Os agentes chegaram a esse advogado porque o sinal do rastreador de um veículo roubado foi detectado em um galpão em Varginha. Isso ocorreu entre a denúncia dos casos e expedição dos mandados de prisão. A seguradora entrou em contato com a polícia, que foi ao local. “A nossa investigação chegou à conclusão que esse carro não estava mais lá porque havia sido desmanchado e nesse local havia peças produtos de carros roubados, furtados, objetos de fraudes contra seguradoras, e que essas pessoas estavam ali fazendo o desmanche”, detalhou Silva.

 “Na época, esse advogado acabou atuando na organização vigiando o local, auxiliando no transporte de uma parte de veículo furtado que estava ali no galpão naquele momento, e levando seus clientes, ensinando seus clientes a praticarem outros crimes para acobertar o crime que havia sido descoberto”, afirma o chefe do Gaeco. 

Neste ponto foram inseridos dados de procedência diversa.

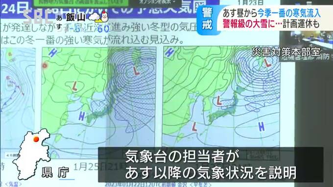 県と市町村などが開いた会議では、気象台の担当者が24日から本州の上空に流れ込むこの冬一番の寒気について説明しました。

As investigações também apontaram que as organizações criminosas agiam em conjunto, entre os envolvidos estão empresários, segundo o promotor de Justiça Daniel Ribeiro Costa. “Foi constatado que além das organizações criminosas atuarem cada uma com seus nichos, elas também se comunicavam. Em virtude disso, constatou-se que a organização criminosa que tinha sede em Elói Mendes também atuava em conjunto com esses empresários que são, por sua vez, líderes de outras organizações criminosas. O líder foi denunciado novamente, e já se encontra preso, funcionários que faziam desmanche, transporte e venda”, afirma o promotor.